This is the very reason many of our Southern Baptist churches are using alternative curriculum to Lifeway. There are some very good ones out there. John Piper's organization has a children's curriculum called Desiring God for Children that is excellent.

Anonymous said...

I think most would agree that it's a good idea. But do you have any high-ranking friends at Lifeway, Bart, who might be able to implement such a plan? Of course no SBC church can be forced to do anything, but at least offering it would be a start. Lifeway prints so many different SS series now, what would one more hurt?

Jonathan said...

Bart -- to separate your question into two parts, there is some kind of order, it's just not apparent. Search for "Children Study Plan" at lifeway. They recognize that "certain stories are so important that they must appear frequently in childhood so that the child will understand not only the facts of the story but the biblical principles that it communicates." I leave it for individual churches to decide if Lifeway does a good job at this goal.

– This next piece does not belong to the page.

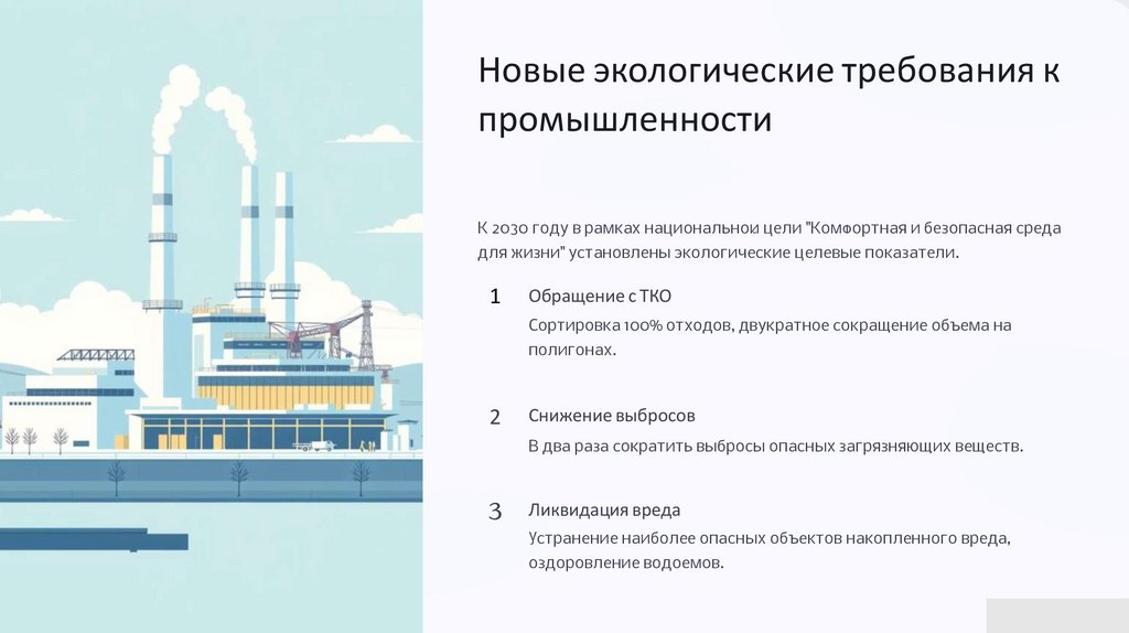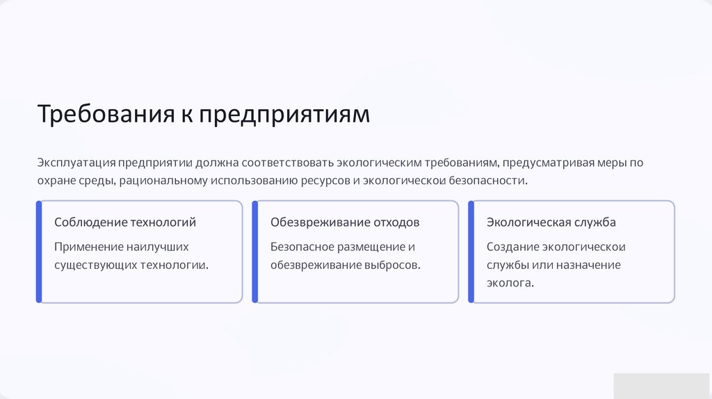 Требования к предприятиямЭксплуатация предприятий должна соответствовать экологическим требованиям, предусматривая меры по

As to why a church can't buy a fixed curriculum once (like a hymnal), I'm not sure.

I think the primary goal for Sunday School is childcare in many churches, enabling adults to go to church -- and in young growing churches, filling that need takes so much time, there's little planning for continuity. That's not an excuse, just an explanation...

Bart Barber said...


Thanks for helping me to clarify. Lifeway does have a scope and sequence that they follow. Also, I tried not to write a Lifeway-bashing post and I don't want our conversation to degenerate into that. Lifeway publishes dated quarterlies moving through their defined scope and sequence contracting with different authors to write different materials around the same themes in a generally repeating pattern over a scope of time larger than a year, if I understand what they are doing.

I'm posing more of the second question that you asked. I know that Lifeway is capable of this, because they already have developed just such a curriculum for Christian schools to employ in teaching the Bible. I'm just wondering aloud whether such an approach couldn't be adopted effectively toward Sunday School. Perhaps there are reasons why this would be a bad idea. I just haven't heard it yet.

Perhaps sooner or later someone more qualified will come along and help us to understand.

Les Puryear said...


I support the use of catechisms to teach children as well as new believers. We're beginning to use the Baptist Catechism which was the first document published by the Baptist Sunday School Board.

Our use of catechetical training is being done during our Children's Church time. I had not thought of using it instead of Lifeway Sunday School material. I think you're on to something here.


Bro. Robin said...


I might add that AWANA uses a similar method you describe in their curriculum.

Anonymous said...

Dr. Barber,

Thank you for your post concerning Biblical Literacy. I have been using some of your “Fifth Century Initiative” in our evening services over the past few weeks. It has been a blessing to have people come express their appreciation for the study of our Baptist heritage and why we do and believe as we do.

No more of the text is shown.